Create Constrained Local Hamiltonians in the Subspace
Although we are able to emulate our Hamiltonian problem in the projected subspace, the long-range tail of the Rydberg interactions will be present in the subspace Hamiltonian. In certain cases, you may not want the long-range tail by only simulating a constrained short-range Hamiltonian, e.g. the PXP model. In this case, we can use Bloqade to easily deal with such problems for an arbitrary graph in an arbitrary dimension.
Let us take the PXP model in 1D as an example. We first create a 1D chain and then generate a subspace by projecting out states that have nearest-neighbor interactions.
atoms = generate_sites(ChainLattice(), 10, scale=5.1)
space = blockade_subspace(atoms, 5.2)
register = product_state(bit"0101010101", space)
h = 2π * 4.0 * SumOfX(length(atoms)) - 2π * 1.0 * SumOfN(length(atoms))

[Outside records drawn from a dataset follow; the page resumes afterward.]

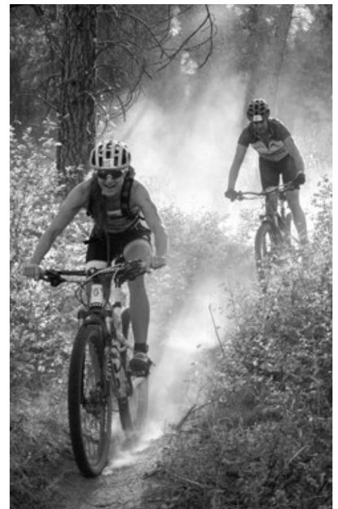
Above: Cross Triathletes on 3 Blind Mice Singletrack half way into Cross Triathlon bike course.

There is so much to do in Penticton. You'll want to check out the races, but be sure to check out the local wineries and breweries, the farmers market, and many of the other cool attractions Penticton has to offer. There's a special page on our website dedicated to tourism and the "what to do" when you're in Penticton.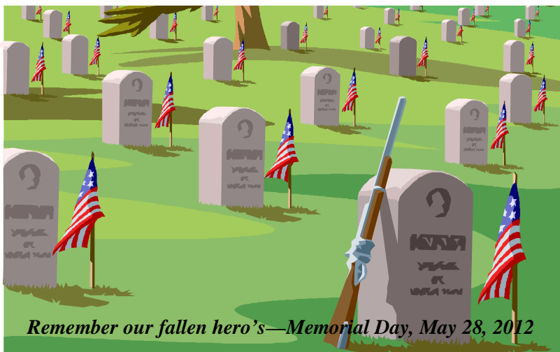
Remember our fallen hero's—Memorial Day, May 28, 2012

Call or come up to the Lodge to sign up, or email salisburyelks699@gmail.com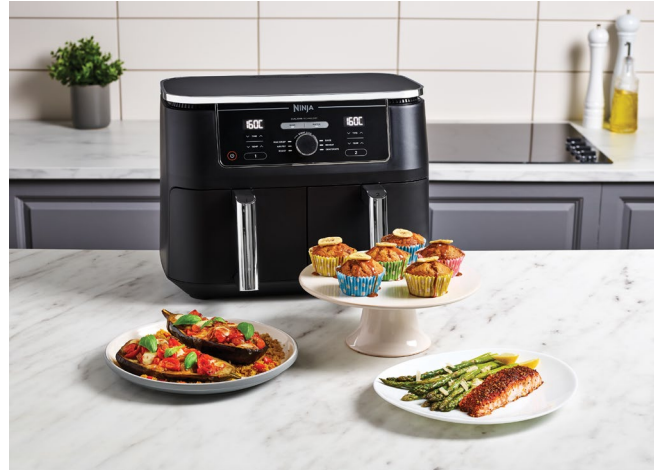
More than an Air fryer, with 6 different functions.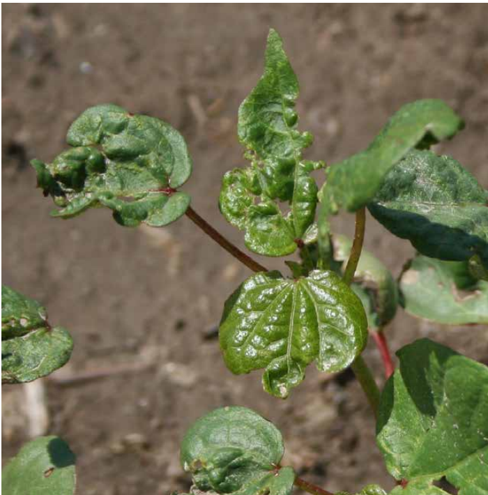
Typical crinkling and cupping of leaves caused by thrips damage.

Compared with other commercial combinations, Bidrin® provides better control of thrips, stink bugs, and tarnished plant bugs and equivalent control of fleahoppers giving growers the advantage of reducing damage and yield loss. Results from over 200 commercial field trials conducted from 2014-2017 demonstrate that Bidrin is a useful and effective tool for managing infestations in U.S. cotton. Choose Bidrin to deliver the critical control you need for strong stands and top yield potential.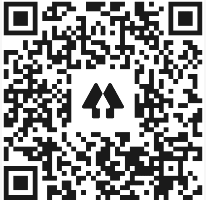
Link Tree for The Autism Network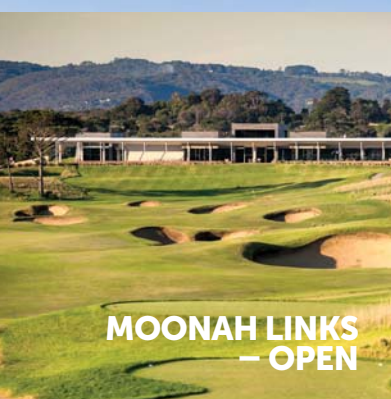
MOONAH LINKS – OPEN

PLAY 4 TOP COURSES ON THE MAGNIFICENT MORNINGTON PENINSULA – AUSTRALIA'S #1 GOLF DESTINATION!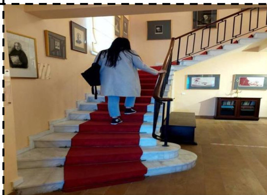
The stairs that lead to the first floor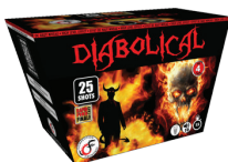
Diabolical $ 39.00ea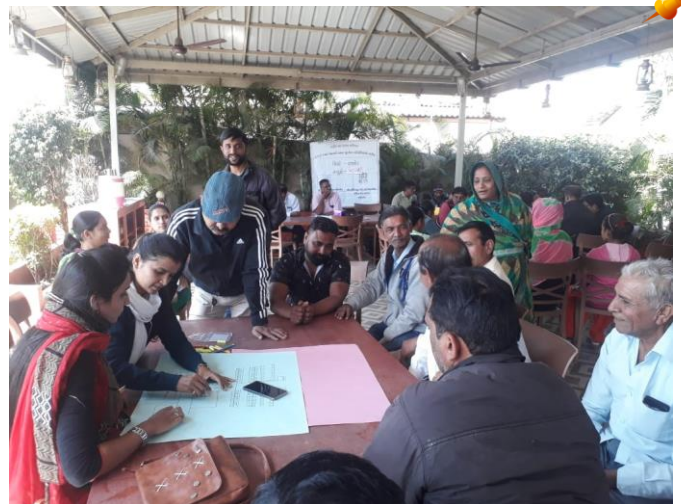
Basic Foundation Training At Paddhari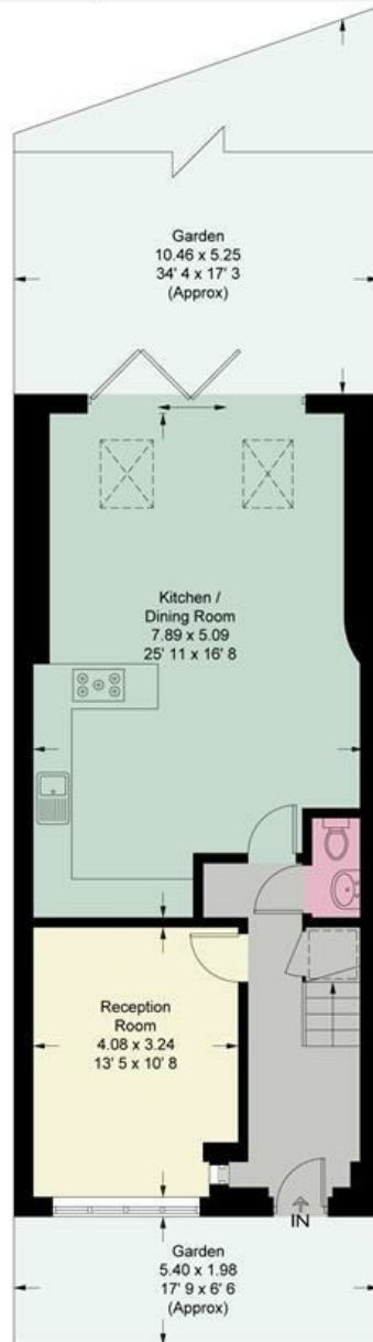
Ground Floor 657 sq ft / 61 sq m (Including Reduced Headroom)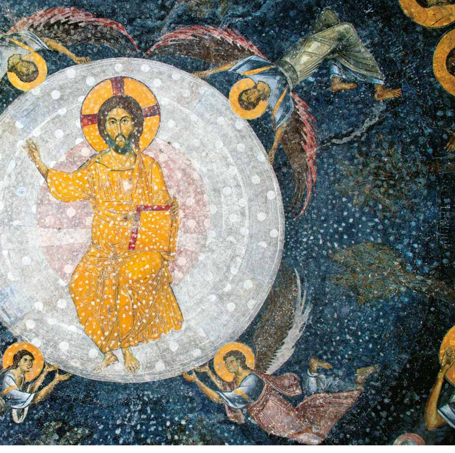
Ascension of Christ, Church of the Holy Apostles, dome, the Patriarchate of Peć, ca. 1260

conduct negotiations, often delicate and long, especially when the possibility of union was being discussed at the papal court.<sup>3</sup> Initiatives of this kind came from both sides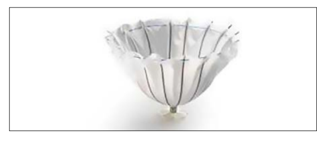
FIGURE 1: PARACHUTE®

Medline (via PubMed), Cochrane collaboration, Lilacs, Scopus and Web of Science, covering the period from January 2002 to April 2016. There were no restrictions of language in the bibliographic searches. The searches were updated monthly until the completion of the study (October 2016) in order to capture possible scientific productions that had been published later on.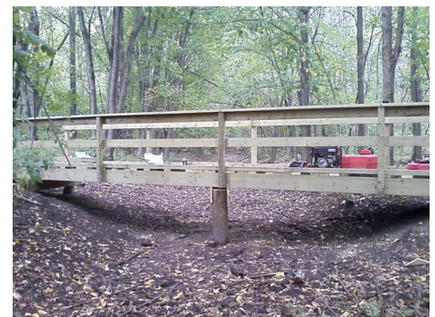
The photo above shows a new bridge installed at Two Creeks Conservation Area near Iroquois. The many upgrades made to this Conservation Area in 2011 will allow residents to take full advantage of the natural beauty of this Property.

are evident. Improvements undertaken in 2011 include: a parking lot expansion with addition of 120 tonnes of gravel; 4.5 kms of marked trail with addition of 150 tonnes of gravel; and two new foot bridges. SNC offers special thanks to South Dundas for their contributions. SNC maintains 7 Conservation Areas and a number of trails and river access docks for the use and benefit of watershed residents. These areas are perfect spaces for family friendly activities. At Two Creeks, hunting and motorized vehicles are not permitted, but hiking and cross-country skiing are welcome.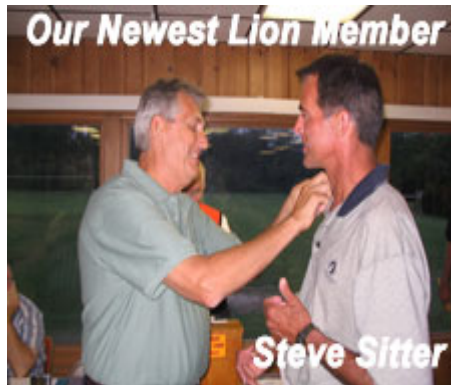
Our Newest Lion Member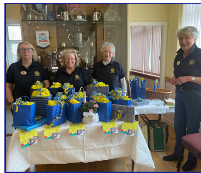
KINROSS & DISTRICT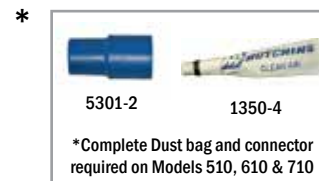
* Complete Dust bag and connector required on Models 510, 610 & 710

** Models 520, 523, 620, 623, 720, 723 & 810 Kit require either 5301-2 or 5301-5 to complete vacuum connection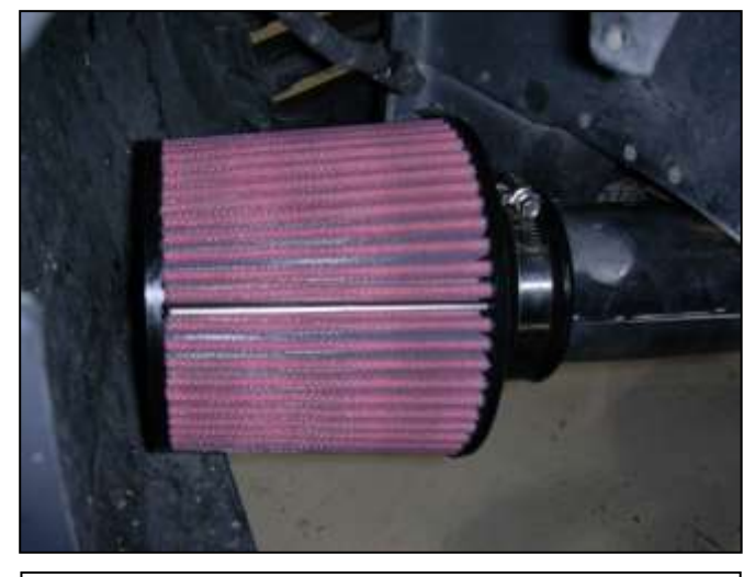
i. Install the AEM<sup>®</sup> air filter onto the end of the inlet pipe and secure in place with the supplied hose clamp.

h. Attach the supplied ½" breather hose to the intake pipe's nipple; connect the opposite end to the valve cover's inlet. Secure each end of the breather hose in place with the two supplied hose clamps.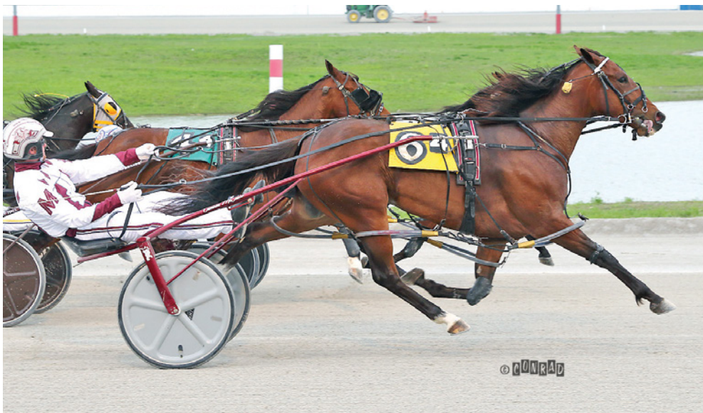
Secret Side Piece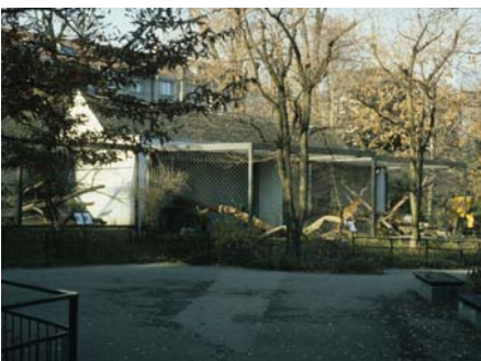
Functional architecture, Basel, 1956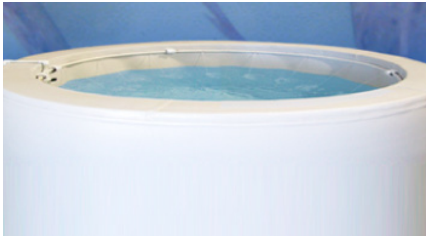
[GSE Aqua Tank]

Effective erosion control is another significant advantage of a GSE lining system. The liner eliminates slope deterioration caused by surface rains, wave action and wind. The liner prevents eroded materials from filling the pond and reducing the volume. In addition, costly erosion repair and dredging are eliminated.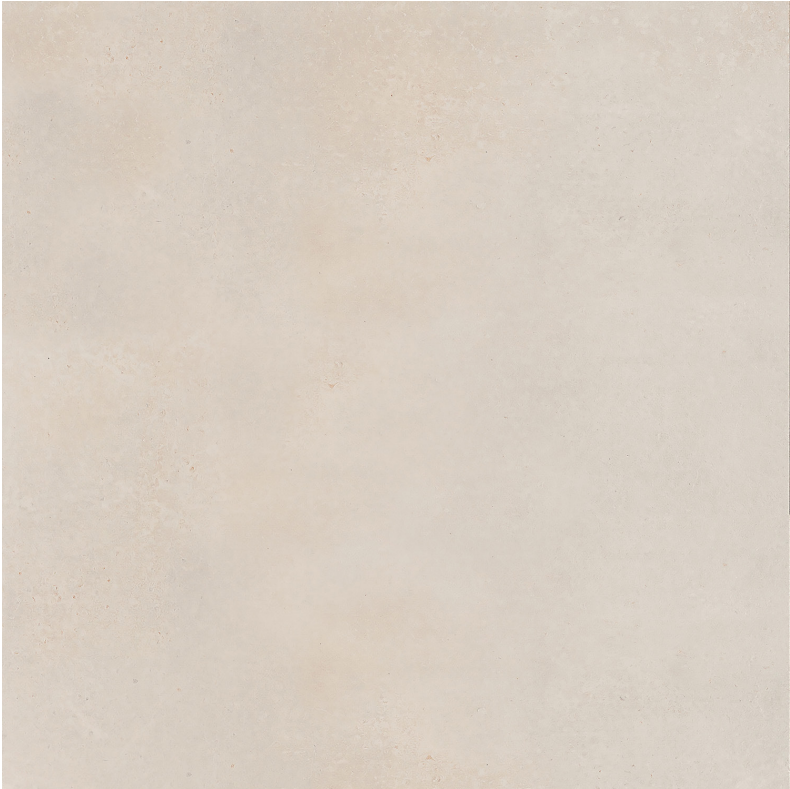
75 x 75 cm (30 x 30) MZ.MM.OLW.3030

All items shown in this document are part of Olympia's stocking program. For special orders, please contact your Olympia Tile Sales Representative.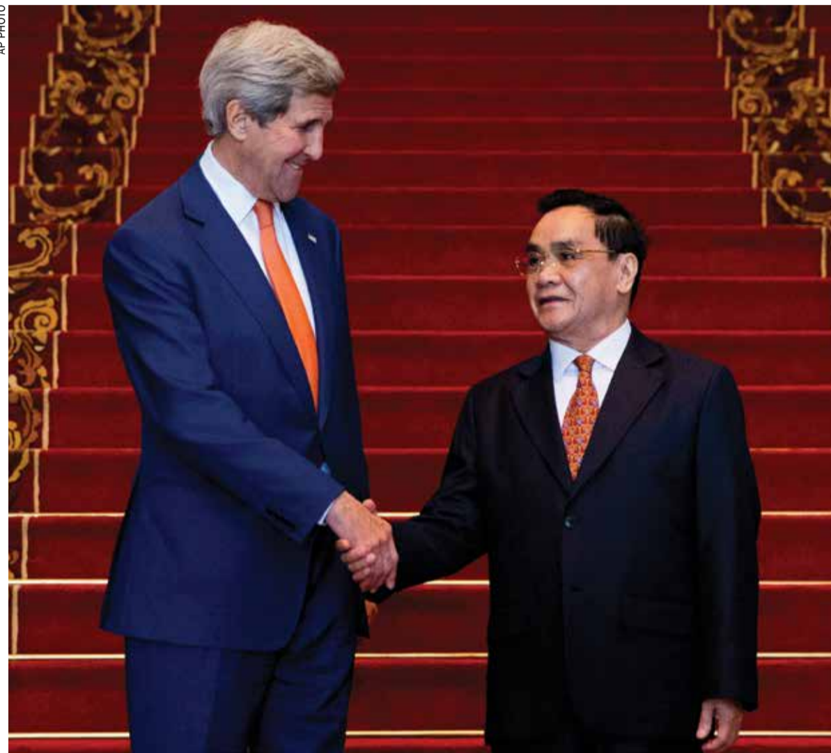
U.S. Secretary of State John Kerry (left) shakes hands with Lao Prime Minister Thongsing Thammavong after their meeting at the Prime Minister's Office in Vientiane, Laos

But other ASEAN nations are more pro-China, including Cambodia, which blocked ASEAN from reaching consensus on the South China Sea during its 2012 chairmanship of the group. Cambodia is Kerry's next stop on an around the world diplomatic marathon this week that will also take him to China.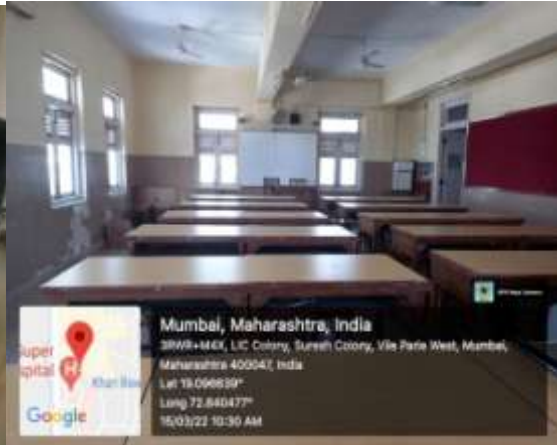
4.1 Interior Designing Lab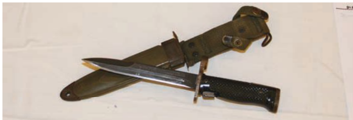
Prototype Imperial bayonet from the early '60s.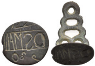
915 Byzantine bronze seal (3.67g 22mm diameter)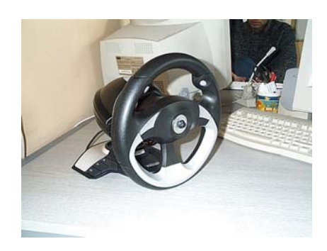
Figure 2. The two handed device.

These were evaluated using a repeated measures design. Each member of the user team worked through four VE with each of the design solutions to enable performance data from each design solution to be compared with their own data from the currently used navigation devices.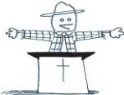
Organic Pastor (Grown on a farm)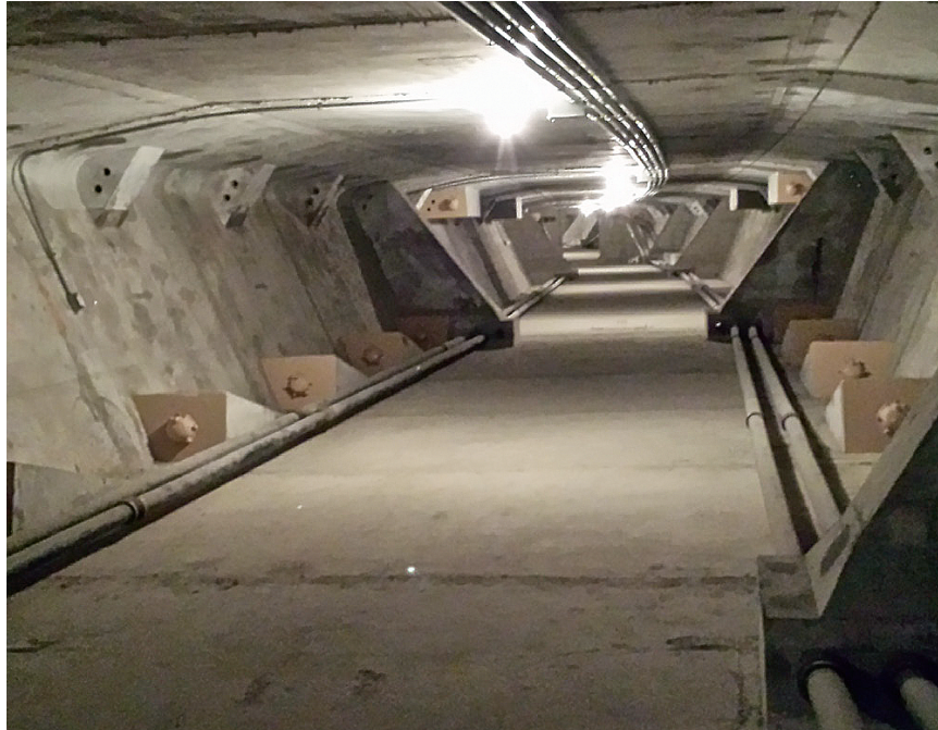
External tendons being impregnated with Post-Tech PTI material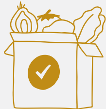
FOOD SAFETY CERTIFICATION P. 60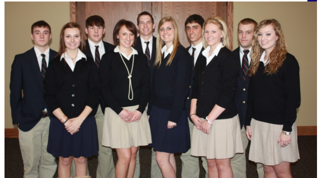
Monarchs always look their BEST! These students are in "Wednesday Dress" and are getting ready to celebrate Mass with students from Holy Family Elementary

Despite the fact that, "Never was a story of more woe Than this of Juliet and her Romeo," students have been engaged and enlightened.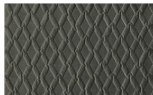
Luca Rhomb 041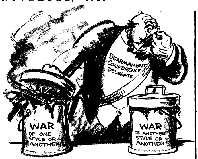
Diplomat: "Oof! This is awful; abolish it!"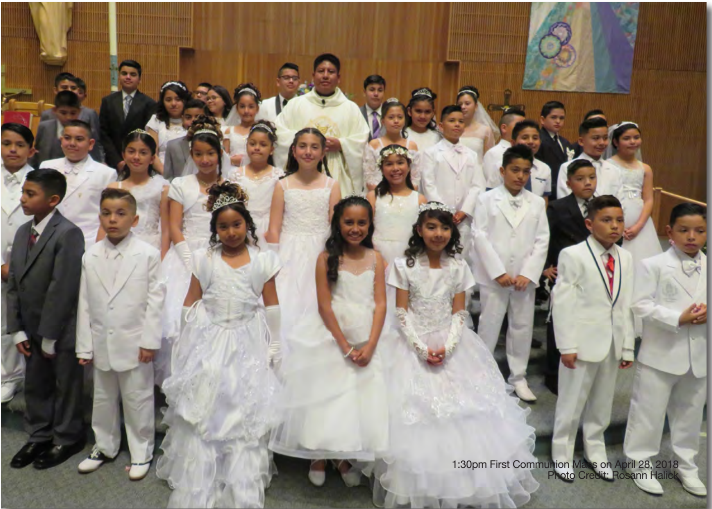
1:30pm First Communion Mass on April 28, 2018

5562 Clayton Road, Concord, CA 94521 • PHONE (925) 672-5800 • FAX (925) 672-4606 • www.stbonaventure.net

prob = SchrodingerProblem(register, 0.2, h)
emulate!(prob)
SchrodingerProblem:
register info:
type: SubspaceArrayReg{2, ComplexF64, Vector{ComplexF64}, Subspace{Int64, Vector{Int64}}}
storage size: 40 bytes
time span (μs): (0.0, 0.2)
equation:
storage size: 16.492 KiB
expression:
nqubits: 10
+
├─ [scale: 25.132741228718345] ∑ σ^x_i
└─ [scale: -6.283185307179586] ∑ n_i
algorithm: DP8(; stage_limiter! = trivial_limiter!, step_limiter! = trivial_limiter!, thread = static(false),)
options:
save_everystep: false
save_start: false
save_on: false
dense: false
reltol: 1.0e-10
abstol: 1.0e-10
alias_u0: true
After creating the subspace, we have built a Hamiltonian by explicitly summing up the Rabi frequency term and the detuning term by using SumOfX
and SumOfN
respectively. In this way, we have created a local constraint Hamiltonian (without the long-range interaction tail). Futhermore, if we want to emulate quantum dynamics under this Hamiltonian, we just need to create a subspace register and emulate the system under the created Hamiltonian.